*Description of the task*: Please copy the lines below, exactly as they are, from the one with "为深化党员的自我教育管理模式" through the one with "Obraz premium A", and leave out the pictures.

*Task inputs*:
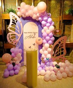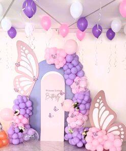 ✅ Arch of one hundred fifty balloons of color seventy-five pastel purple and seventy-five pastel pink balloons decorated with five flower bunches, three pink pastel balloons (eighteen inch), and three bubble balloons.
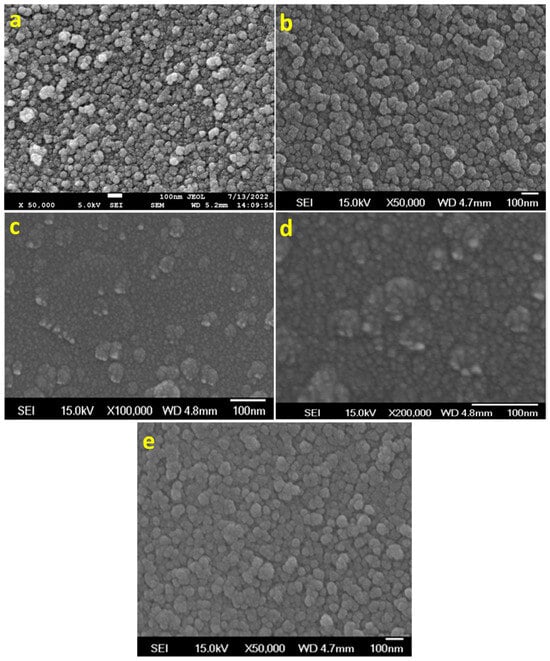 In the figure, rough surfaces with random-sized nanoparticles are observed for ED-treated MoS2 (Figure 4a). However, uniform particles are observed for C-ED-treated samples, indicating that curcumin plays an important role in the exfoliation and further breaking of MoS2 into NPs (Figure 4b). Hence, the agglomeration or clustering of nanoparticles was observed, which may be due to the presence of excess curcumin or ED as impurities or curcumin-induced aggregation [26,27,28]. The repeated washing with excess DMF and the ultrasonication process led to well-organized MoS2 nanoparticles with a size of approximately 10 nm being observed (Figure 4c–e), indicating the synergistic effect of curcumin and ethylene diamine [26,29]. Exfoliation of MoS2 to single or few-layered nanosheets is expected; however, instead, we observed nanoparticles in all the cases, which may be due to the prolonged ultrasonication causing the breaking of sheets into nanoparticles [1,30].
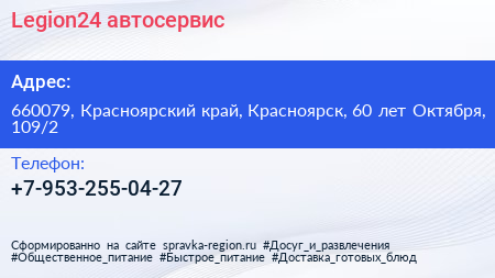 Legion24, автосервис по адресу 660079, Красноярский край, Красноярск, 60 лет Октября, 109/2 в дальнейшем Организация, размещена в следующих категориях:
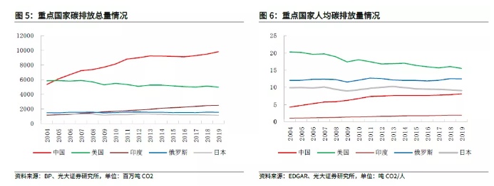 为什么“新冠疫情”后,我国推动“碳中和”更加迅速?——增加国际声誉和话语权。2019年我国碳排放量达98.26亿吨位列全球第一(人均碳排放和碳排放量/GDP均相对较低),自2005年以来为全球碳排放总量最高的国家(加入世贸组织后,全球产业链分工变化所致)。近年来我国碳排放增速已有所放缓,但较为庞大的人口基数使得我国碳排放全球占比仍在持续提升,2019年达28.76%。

...

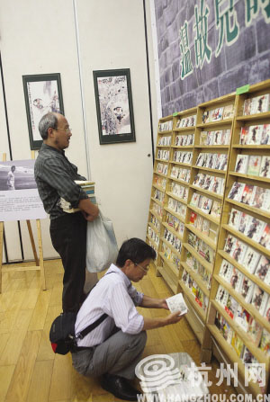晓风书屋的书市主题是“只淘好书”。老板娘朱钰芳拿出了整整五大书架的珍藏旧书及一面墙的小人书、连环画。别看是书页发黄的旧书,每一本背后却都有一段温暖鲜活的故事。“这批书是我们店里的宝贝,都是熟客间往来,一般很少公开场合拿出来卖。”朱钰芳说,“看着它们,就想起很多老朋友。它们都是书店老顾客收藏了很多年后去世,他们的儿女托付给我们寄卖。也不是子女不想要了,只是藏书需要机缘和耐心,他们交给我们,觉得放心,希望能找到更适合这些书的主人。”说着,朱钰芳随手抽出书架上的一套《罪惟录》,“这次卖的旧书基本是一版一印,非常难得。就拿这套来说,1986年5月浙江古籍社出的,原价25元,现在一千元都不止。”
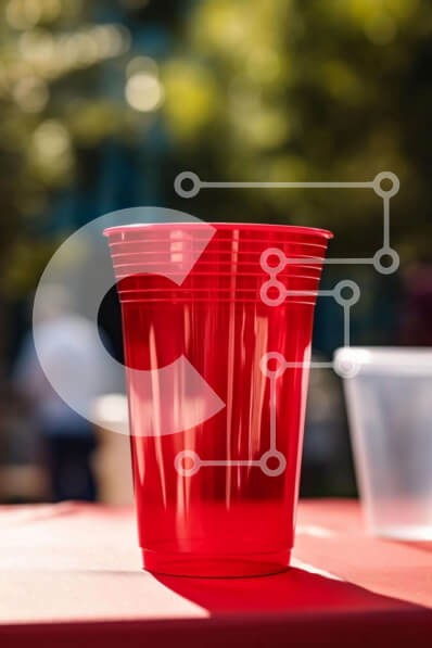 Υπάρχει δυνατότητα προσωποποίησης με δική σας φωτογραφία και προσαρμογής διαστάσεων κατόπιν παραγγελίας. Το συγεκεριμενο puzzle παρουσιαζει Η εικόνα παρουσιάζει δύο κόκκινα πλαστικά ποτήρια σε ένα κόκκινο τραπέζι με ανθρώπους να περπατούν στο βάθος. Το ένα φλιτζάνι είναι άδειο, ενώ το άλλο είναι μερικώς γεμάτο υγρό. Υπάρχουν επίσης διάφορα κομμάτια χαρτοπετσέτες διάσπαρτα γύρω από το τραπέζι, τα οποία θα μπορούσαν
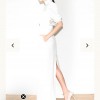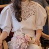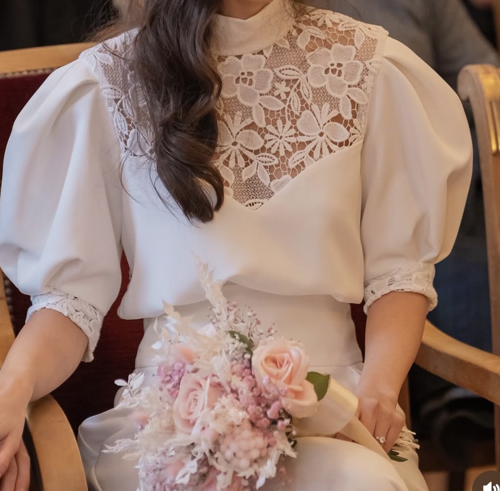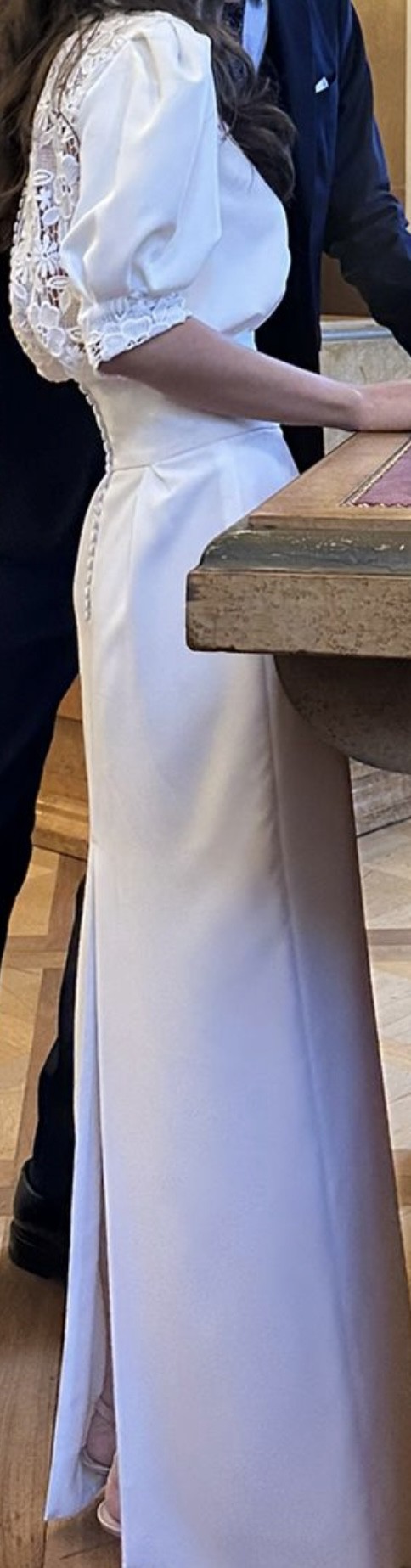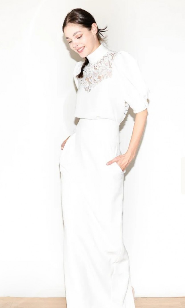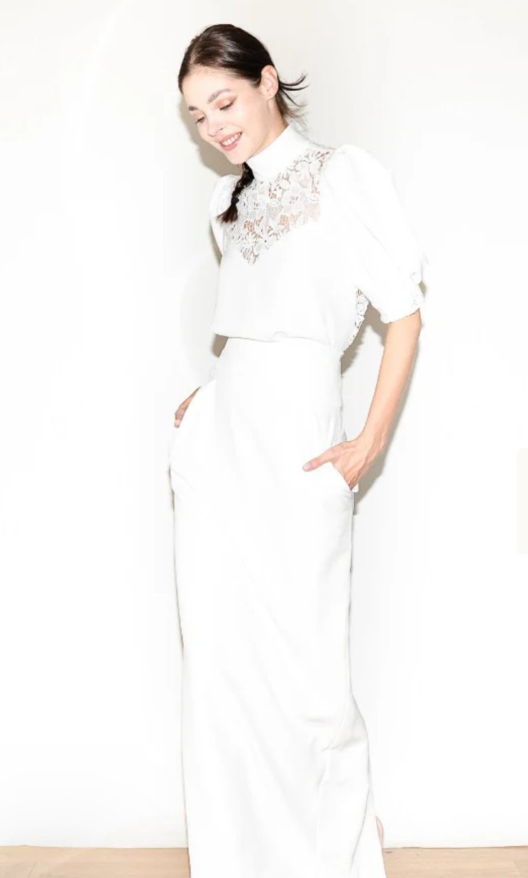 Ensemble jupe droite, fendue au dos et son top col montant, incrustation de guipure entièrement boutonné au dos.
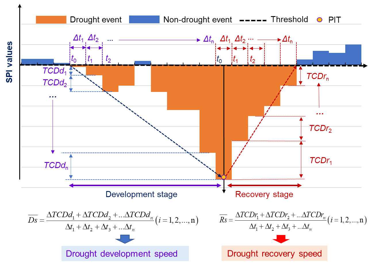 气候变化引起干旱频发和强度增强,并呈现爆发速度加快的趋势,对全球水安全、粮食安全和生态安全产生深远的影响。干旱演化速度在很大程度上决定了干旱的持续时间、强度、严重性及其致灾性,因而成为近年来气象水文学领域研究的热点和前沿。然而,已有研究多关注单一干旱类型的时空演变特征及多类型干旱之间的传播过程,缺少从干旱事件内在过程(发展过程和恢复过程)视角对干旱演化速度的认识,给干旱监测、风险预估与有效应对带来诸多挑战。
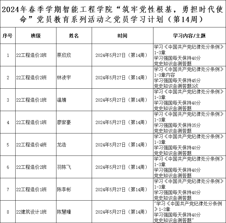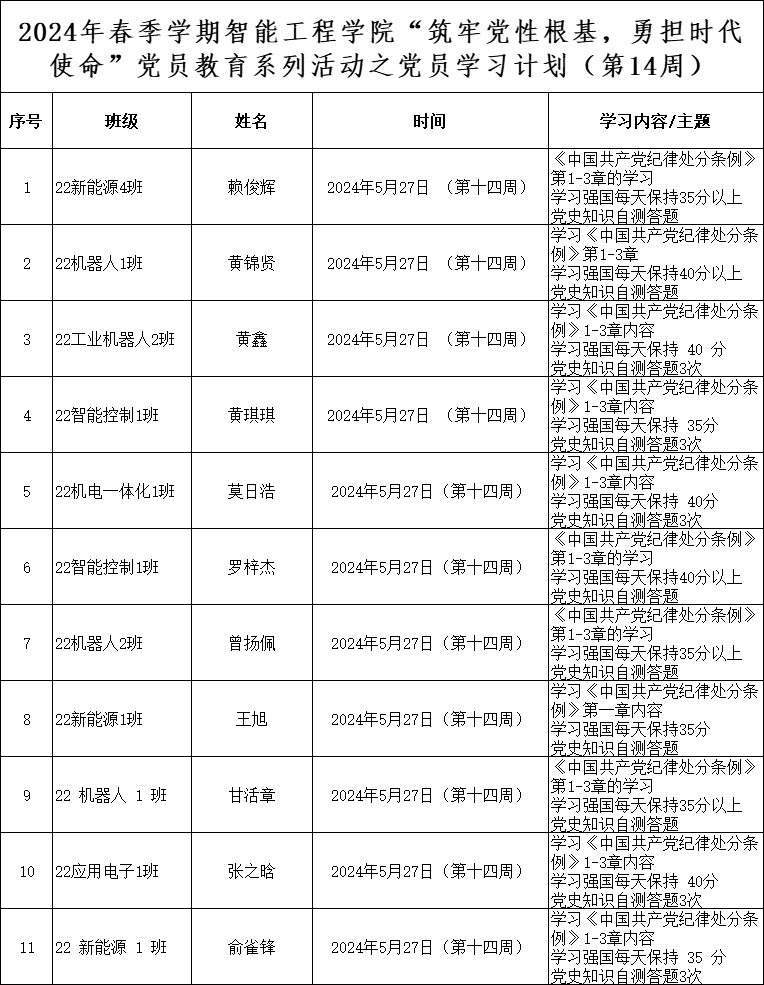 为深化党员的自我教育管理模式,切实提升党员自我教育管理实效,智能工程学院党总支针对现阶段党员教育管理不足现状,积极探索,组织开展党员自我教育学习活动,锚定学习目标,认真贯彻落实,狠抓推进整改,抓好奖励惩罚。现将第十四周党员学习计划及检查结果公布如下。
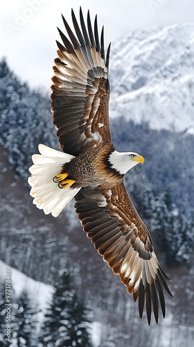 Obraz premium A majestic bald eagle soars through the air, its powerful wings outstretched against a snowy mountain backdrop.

*Result of the exercise*:
 为深化党员的自我教育管理模式,切实提升党员自我教育管理实效,智能工程学院党总支针对现阶段党员教育管理不足现状,积极探索,组织开展党员自我教育学习活动,锚定学习目标,认真贯彻落实,狠抓推进整改,抓好奖励惩罚。现将第十四周党员学习计划及检查结果公布如下。
 Obraz premium A majestic bald eagle soars through the air, its powerful wings outstretched against a snowy mountain backdrop.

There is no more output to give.